DATA FOR THIS EXERCISE:
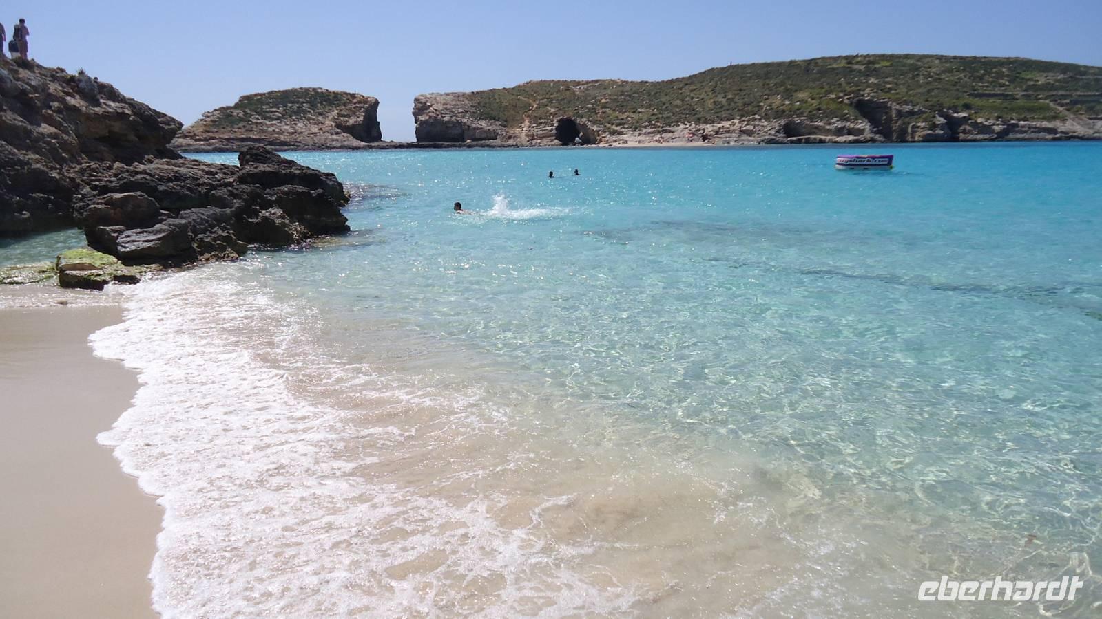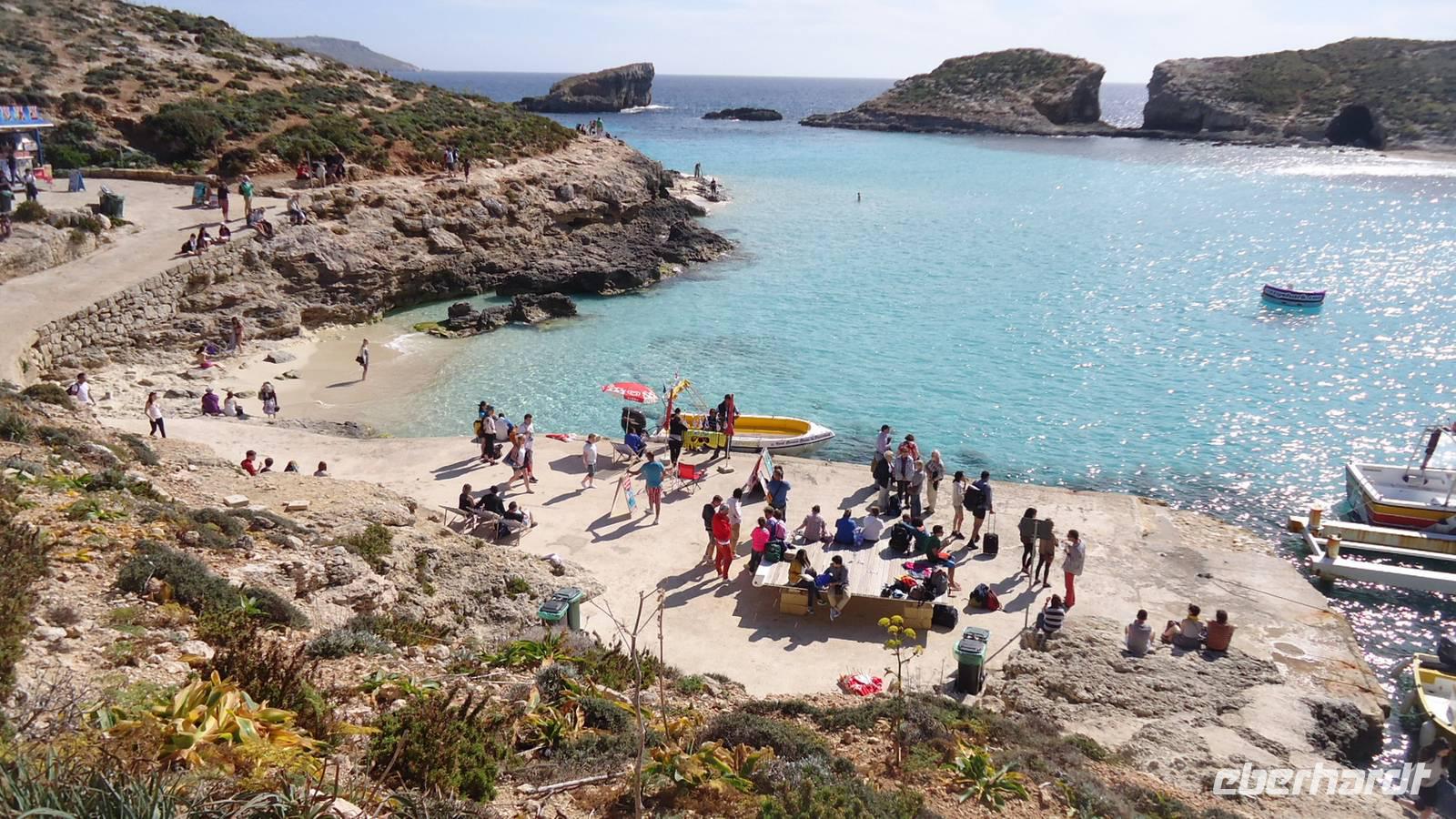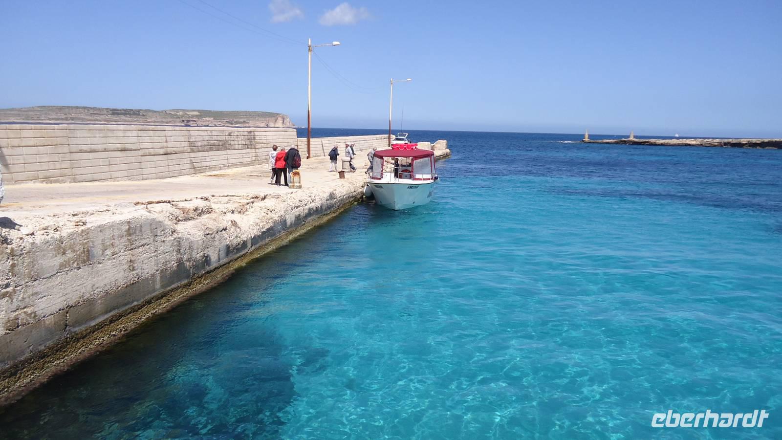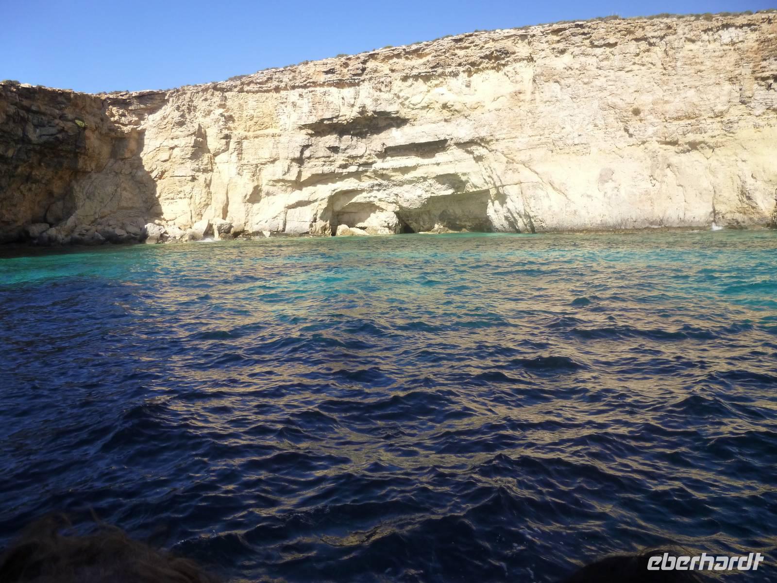 Am Nachmittag haben wir Freizeit. Mit sieben Reisegästen fahre ich nach Comino, zur kleinen Insel zwischen Malta und Gozo. Mit einem schnellen Boot so wie in der TV-Serie „Miami Vice" setzen wir zur wunderschönen und berühmten Blauen Lagune über. Unglaublich schön ist die hellblaue Farbe des Wassers. Ich schwimme im eiskalten Wasser. Wir begeben uns schließlich auf eine kleine Wanderung zur Festung von St. Maris Tower. Zurück zum Hafen nimmt die Fähre die Route entlang der Klippen. So machen wir Fotos von den vielen Grotten.
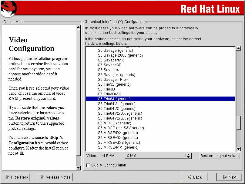 Next, enter the amount of video memory installed on your video card. If you are not sure, please consult the documentation accompanying your video card. You will not damage your video card by choosing more memory than is available, but the X server may not start correctly if you do.
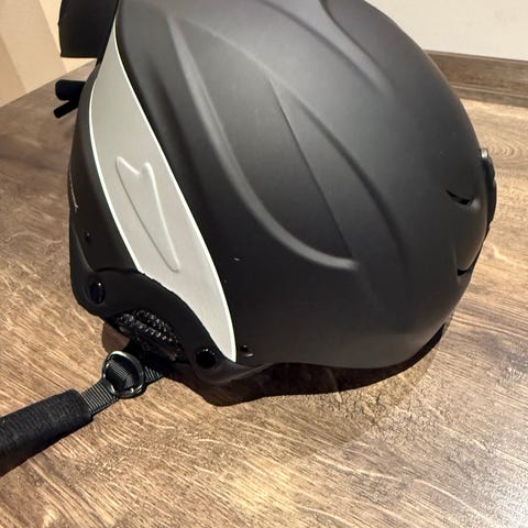 skihjelm i mat sort farve. Hjelmen har ventilation og justerbar rem under hagen og den kan justeres i nakken. Indvendigt foret med polstret materiale for komfort og beskyttelse. Egnet til skibrug for børn. Den er brugt på 1 skitur. Overfladiske ridser uden betydning (se billeder) fremstår rigtig fint. Der er strop bagpå til skibriller
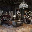 It is unlikely that the bedroom in the Gothic style, and even aged in black shades, will leave indifferent lovers of American fairy tales and medieval stories. Gothic is distinguished by a combination of mysticism and exquisite subtle aristocracyAnd it is black color that in many respects contributes to the creation of the desired impression. Such bedrooms usually involve the use of expensive paraphernalia - antique furniture, stained-glass windows and murals.
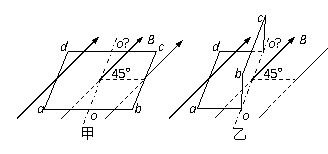 如图甲所示,一个电阻为R、面积为S的矩形导线框abcd,水平放置在匀强磁场中,磁场的磁感应强度为B,方向与ad边垂直并与线框平面成45º角,o、o′分别是ab和cd边的中点.现将线框右半边obco′绕oo′逆时针旋转90º到图乙所示位置.在这一过程中,导线中通过的电荷量是

TASK OBJECTIVE: Put each line of the listing above into the copy exactly, dropping the pictures.

RESULT:
 Am Nachmittag haben wir Freizeit. Mit sieben Reisegästen fahre ich nach Comino, zur kleinen Insel zwischen Malta und Gozo. Mit einem schnellen Boot so wie in der TV-Serie „Miami Vice" setzen wir zur wunderschönen und berühmten Blauen Lagune über. Unglaublich schön ist die hellblaue Farbe des Wassers. Ich schwimme im eiskalten Wasser. Wir begeben uns schließlich auf eine kleine Wanderung zur Festung von St. Maris Tower. Zurück zum Hafen nimmt die Fähre die Route entlang der Klippen. So machen wir Fotos von den vielen Grotten.
 Next, enter the amount of video memory installed on your video card. If you are not sure, please consult the documentation accompanying your video card. You will not damage your video card by choosing more memory than is available, but the X server may not start correctly if you do.
 skihjelm i mat sort farve. Hjelmen har ventilation og justerbar rem under hagen og den kan justeres i nakken. Indvendigt foret med polstret materiale for komfort og beskyttelse. Egnet til skibrug for børn. Den er brugt på 1 skitur. Overfladiske ridser uden betydning (se billeder) fremstår rigtig fint. Der er strop bagpå til skibriller
 It is unlikely that the bedroom in the Gothic style, and even aged in black shades, will leave indifferent lovers of American fairy tales and medieval stories. Gothic is distinguished by a combination of mysticism and exquisite subtle aristocracyAnd it is black color that in many respects contributes to the creation of the desired impression. Such bedrooms usually involve the use of expensive paraphernalia - antique furniture, stained-glass windows and murals.
 如图甲所示,一个电阻为R、面积为S的矩形导线框abcd,水平放置在匀强磁场中,磁场的磁感应强度为B,方向与ad边垂直并与线框平面成45º角,o、o′分别是ab和cd边的中点.现将线框右半边obco′绕oo′逆时针旋转90º到图乙所示位置.在这一过程中,导线中通过的电荷量是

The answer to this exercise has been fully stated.